» Work request
The reply must consist of the complete listing, reproduced exactly, with no images included.

» Source material
* * *
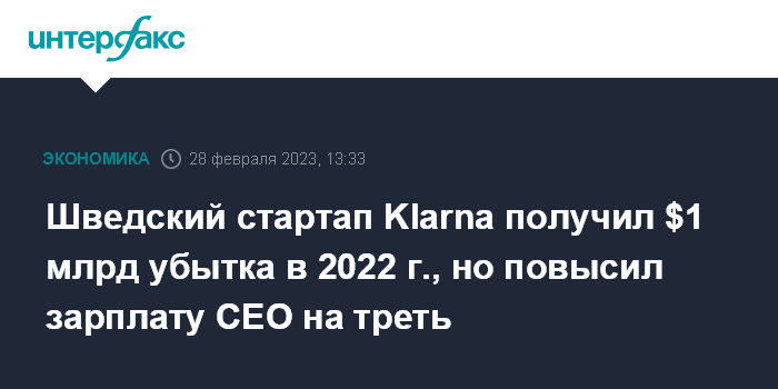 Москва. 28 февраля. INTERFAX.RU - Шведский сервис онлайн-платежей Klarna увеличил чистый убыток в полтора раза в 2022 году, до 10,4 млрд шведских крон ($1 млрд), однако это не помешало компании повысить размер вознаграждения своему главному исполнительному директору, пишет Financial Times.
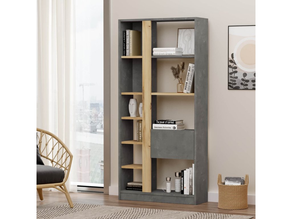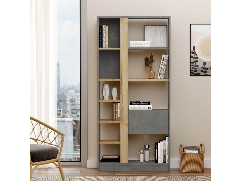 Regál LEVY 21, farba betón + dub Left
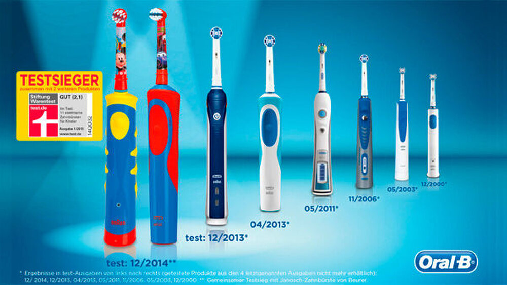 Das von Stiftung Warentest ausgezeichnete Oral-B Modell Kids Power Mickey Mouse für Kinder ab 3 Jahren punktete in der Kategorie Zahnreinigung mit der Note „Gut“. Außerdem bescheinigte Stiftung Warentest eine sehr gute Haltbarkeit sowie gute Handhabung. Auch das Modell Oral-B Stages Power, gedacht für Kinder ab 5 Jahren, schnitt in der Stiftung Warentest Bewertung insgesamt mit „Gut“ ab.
* * *
» Completed exercise
 Москва. 28 февраля. INTERFAX.RU - Шведский сервис онлайн-платежей Klarna увеличил чистый убыток в полтора раза в 2022 году, до 10,4 млрд шведских крон ($1 млрд), однако это не помешало компании повысить размер вознаграждения своему главному исполнительному директору, пишет Financial Times.
 Regál LEVY 21, farba betón + dub Left
 Das von Stiftung Warentest ausgezeichnete Oral-B Modell Kids Power Mickey Mouse für Kinder ab 3 Jahren punktete in der Kategorie Zahnreinigung mit der Note „Gut“. Außerdem bescheinigte Stiftung Warentest eine sehr gute Haltbarkeit sowie gute Handhabung. Auch das Modell Oral-B Stages Power, gedacht für Kinder ab 5 Jahren, schnitt in der Stiftung Warentest Bewertung insgesamt mit „Gut“ ab.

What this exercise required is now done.